I remember being so excited to get a day pass to leave the hospital on Christmas Day. I still remember the presents that awaited me when I got home that morning, a brand new bike and a pair of roller skates where two of the main ones. I remember pushing my bike around the dining room table at the urging of those around. That’s so funny to me now!!! The thought of this bushy headed, chubby girl, in pajamas, grinning to please those who were watching and waiting, pushing her brand new bike around the dining room table while everyone watched, as if this brought some sense of joy to my little girl heart!!! It would have been as much fun to have laid down and let Teresa ride her brand new bike over me!!!! Too funny!!! I was also denied the opportunity to try out my new roller skates latter that day with the sisters and cousins.
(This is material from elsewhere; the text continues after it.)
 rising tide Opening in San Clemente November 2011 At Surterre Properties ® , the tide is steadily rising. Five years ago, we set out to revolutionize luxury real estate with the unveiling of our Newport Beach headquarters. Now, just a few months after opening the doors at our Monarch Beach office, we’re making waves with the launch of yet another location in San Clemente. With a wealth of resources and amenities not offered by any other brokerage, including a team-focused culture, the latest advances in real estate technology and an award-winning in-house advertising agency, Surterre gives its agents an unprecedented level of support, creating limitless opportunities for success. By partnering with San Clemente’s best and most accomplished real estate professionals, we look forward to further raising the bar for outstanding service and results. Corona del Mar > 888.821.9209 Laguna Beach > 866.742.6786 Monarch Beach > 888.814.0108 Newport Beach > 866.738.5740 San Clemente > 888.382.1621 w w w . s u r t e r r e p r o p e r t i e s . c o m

I did however decline the opportunity to try them on. I could imagine it now…this bushy headed, chubby girl, in pajamas, sitting in a chair, sweating from the process of lacing up those never ending shoe laces that accompany roller skates, grinning for those watching and waiting, as my legs dangle off the chair, feet adorned in brand spanking new roller skates that are forbidden to touch the floor with my feet in them!!! Too Funny!!!
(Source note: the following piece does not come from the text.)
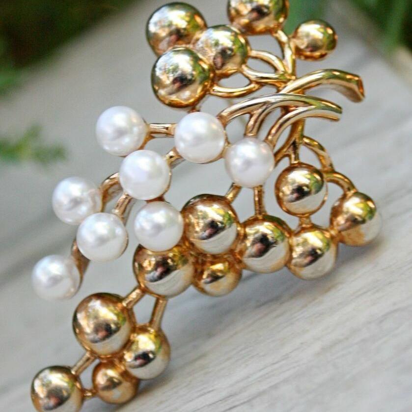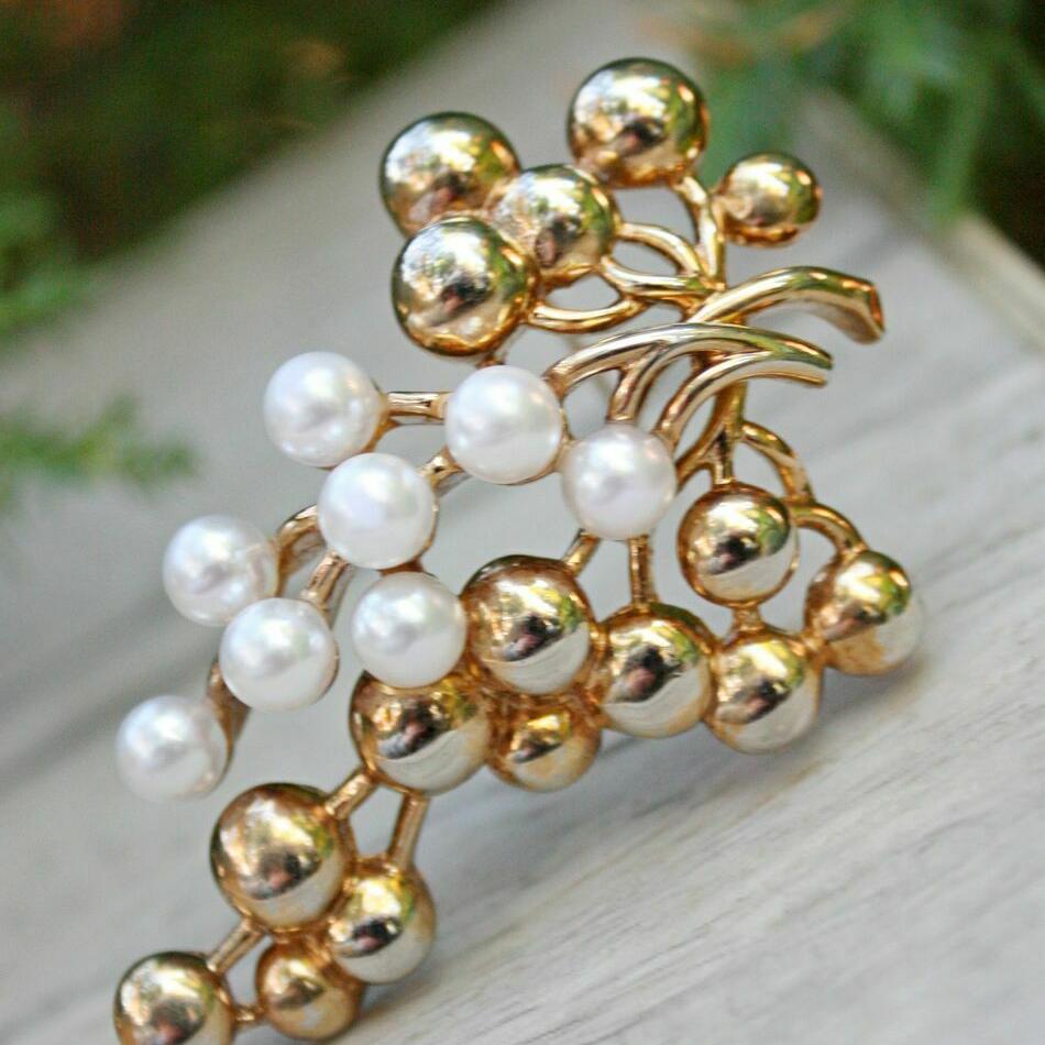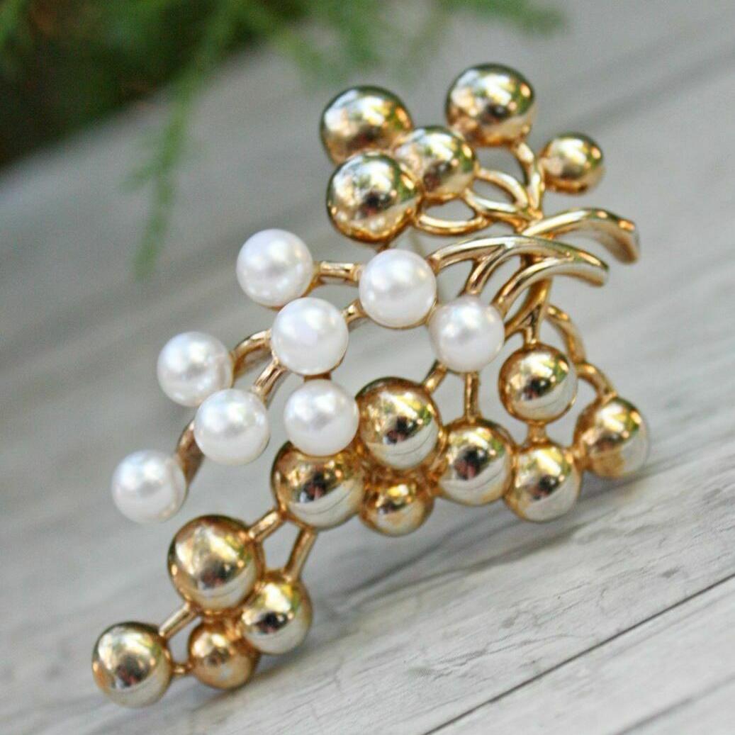 Редкая, коллекционная брошь 1940-х годов, от компании Trifari. Изготовлена из ювелирного сплава. позолоты и искусственного жемчуга. Брошь из плотного сплава, с небольшим объемом и не очень легкая. Маркирована. Отличное винтажное состояние.

Anyway…. I was eventually discharged from the hospital, sent home and eventually was able to return to school….
I remember being so excited to finally get to go back to school. My Mom had bought me a new dress to wear. I think I thought wearing a dress made you pretty. I went back to school only to be a little disappointed that no one seemed to remember me or care that I was back. I left school that evening and started the walk home only to realize B. H. , the boy who I had spent every recess with, from the time I started school there until I went in the hospital, was walking behind me. The boy next door was walking his bike talking to B. H. I remember being so happy thinking he would see me!!! I remember feeling those butterflies in the pit of my stomach just knowing he was behind me!!! When the neighbor boy and I had to turn down a street and B.H. continued on.... the boy next door caught up with me and was laughing as he told me B.H. had asked him who the new ugly fat girl was. I was heartbroken. That was the day I knew it took more than wearing a dress to be pretty. From that day forward until finishing middle school, I was the "fat girl". I was teased and tormented at recess. From that moment on I just wanted to do everything I could to blend in, to be invisible, to fit in. As long as no one noticed me I wouldn't be teased or judged. I guess that just carried over into my adult years too. As long as I had my hair fixed and my makeup on I just kind of blended in and wouldn't be noticed. If no one noticed I was there, I wouldn’t be teased or humiliated. So, you see, even though I may have been viewed as vain with my appearance, in my mind I just want to blend in!!! This is just one personal example that comes to my mind when I began to think of how we could possibly have a very wrong opinion of someone based solely on what we see or hear. I want to use this realization in my life to try desperately to be less judgmental of others. I can’t say that cancer has really changed the way I see or view things or has changed the way I want to live and view my life but it has made me want to get on with it…not waste anymore time in striving to be a better person…a better friend…a better family member…a better child of God. I want to not make hasty rude judgments, but I want to always take the time to look deep enough to see who is really there. It’s kind of mind numbing when I think of all the people and opportunities I have surely missed in this life by seeing only what I saw, not looking deep enough to see who is really there.